У предместья Сент-Антуав были и другие причины для волнений: на нем всегда отражаются торговые кризисы, банкротство, стачки, безработица, неотделимые от великих политических потрясений. Во время революции нужда — и причина и следствие. Удар ее разящей руки отзывается и на ней самой. Население этого предместья, исполненное неустрашимого мужества, способное таить в себе величайший душевный пыл, всегда готовое взяться за оружие, легко воспламеняющееся, раздраженное, непроницаемое, подготовленное к восстанию, казалось, только ожидало искры. Каждый раз, когда на горизонте реяли эти искры, гонимые ветром событий, нельзя было не подумать о Сент-Антуанском предместье и о грозной случайности, поместившей у ворот Парижа эту пороховницу страдания н мысли.

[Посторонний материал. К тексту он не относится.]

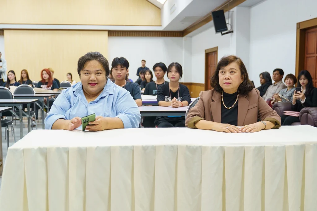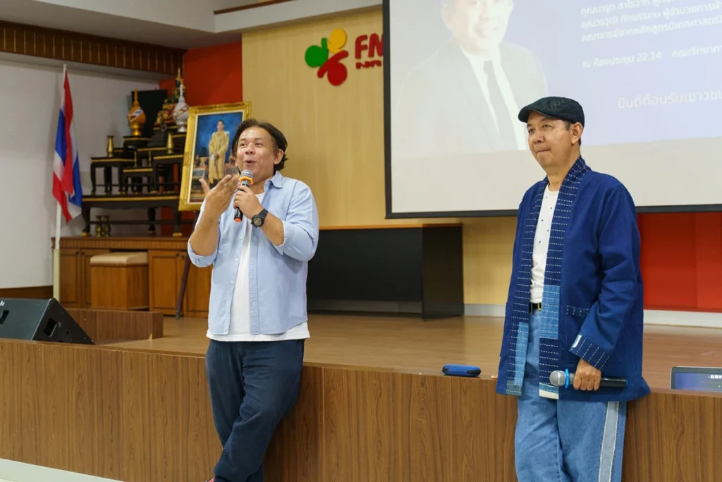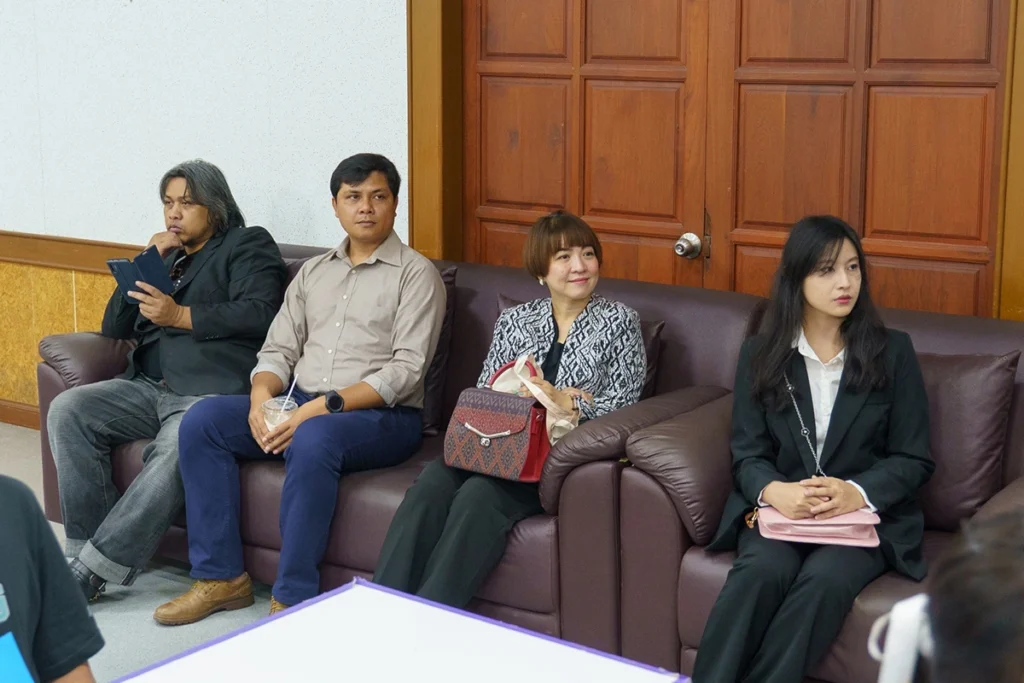 พร้อมด้วย ผู้ช่วยศาสตราจารย์ ดร.พีรวิชญ์ คำเจริญ รองประธานหลักสูตรนิเทศศาตรบัณฑิต สาขาวิชานิเทศศาสตร์ดิจิทัล คณะวิทยาการจัดการ และประธานภาควิชาการ คณะกรรมการสำนักงานส่งเสริมอุตสาหกรรมสื่อสร้างสรรค์โคราช , รองศาสตราจารย์เนตรชนก บัวนาค รองคณบดีฝ่ายวิจัยและเครือข่ายสัมพันธ์ คณะวิทยาการจัดการ และคณะกรรมการสำนักงานส่งเสริมอุตสาหกรรมสื่อสร้างสรรค์โคราช , อาจารย์ ดร.รุ่งกานต์ มูสโกภาส ประธานหลักสูตรนิเทศศาตรบัณฑิต สาขาวิชานิเทศศาสตร์ดิจิทัล คณะวิทยาการจัดการ และคณะกรรมการ สำนักงานส่งเสริมอุตสาหกรรมสื่อสร้างสรรค์โคราช ผู้ช่วยศาสตราจารย์อิสรชัย ลาวรรณา อาจารย์ประจำคณาจารย์จากหลักสูตรนิเทศศาสตร์ดิจิทัล มาร่วมเป็นวิทยากร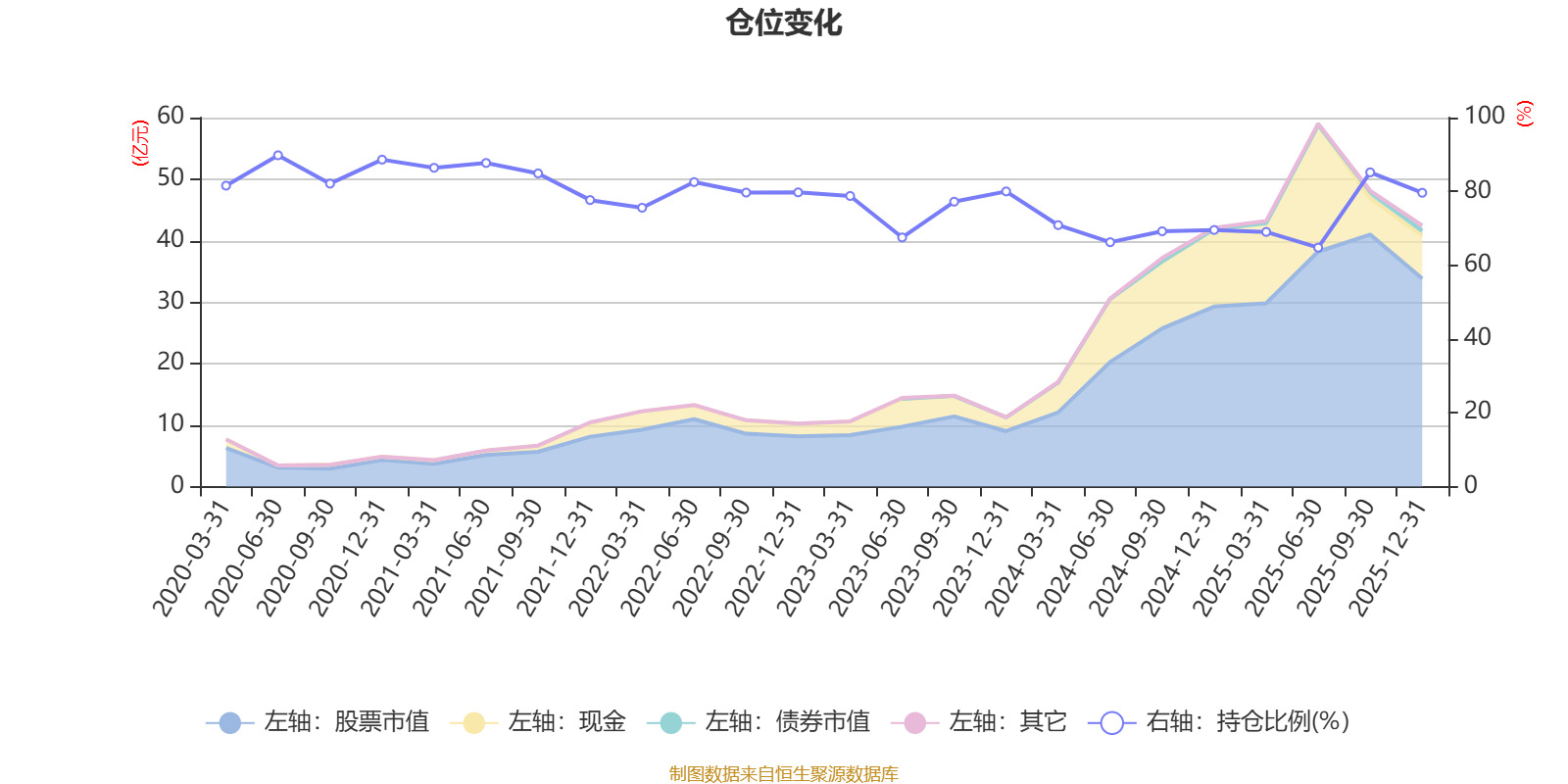 据定期报告数据统计,近三年平均股票仓位为73.16%,同类平均为86.17%。2020年上半年末基金达到89.79%的最高仓位,2025年上半年末最低,为64.76%。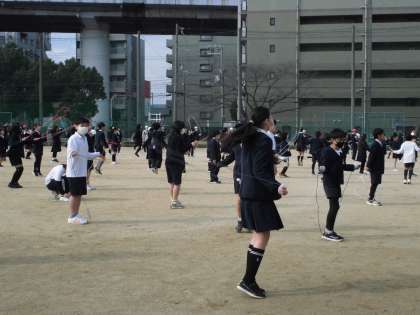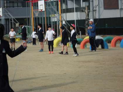 業間なわとびが始まりました。運動場で20分休みにしっかり練習しています。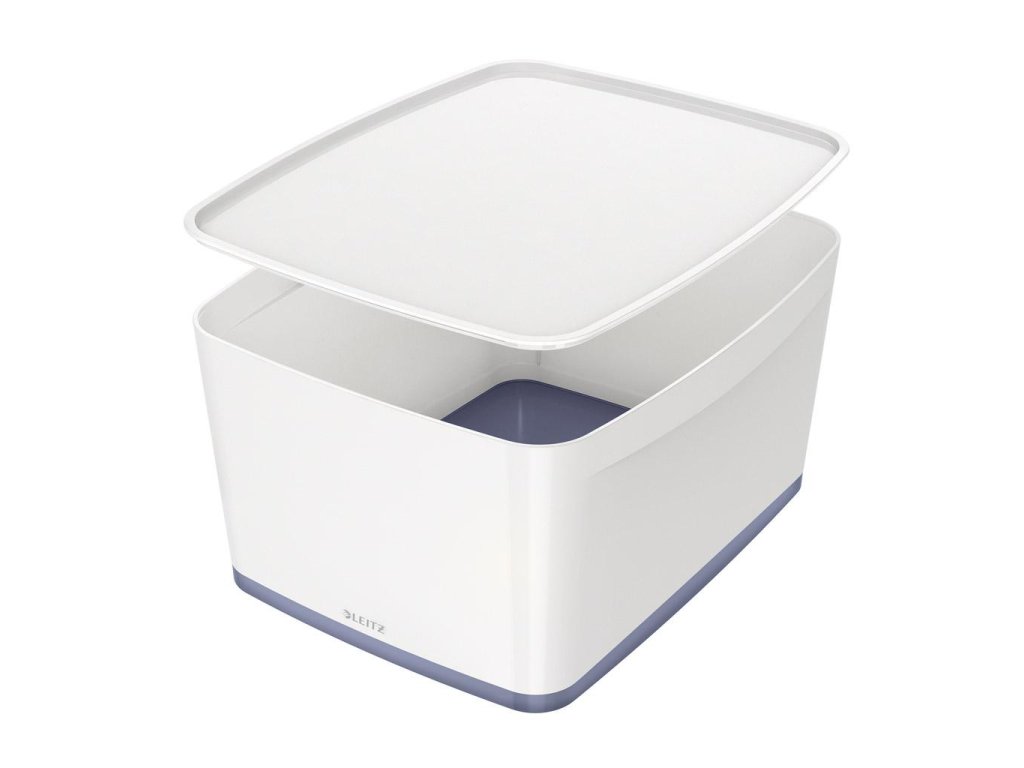 Úložný box s vekom Leitz MyBox, veľkosť L biela/sivá

Кабачки «предместья Антуан», уже не раз упомянутые в предшествующем очерке, известны в истории. Во времена смут здесь опьянялись словом больше, чем вином. Здесь чувствовалось воздействие некоего пророческого духа и веяний будущего, переполнявших сердца и возвышавших душу. Кабачки Антуанского предместья походят на таверны Авентинского холма, построенные над пещерой Сивиллы, откуда проникали в них идущие из ее глубин священные дуновения, — на те таверны, где столы были подобны треножникам и где пили тот напиток, который Энний называет сивиллиным вином.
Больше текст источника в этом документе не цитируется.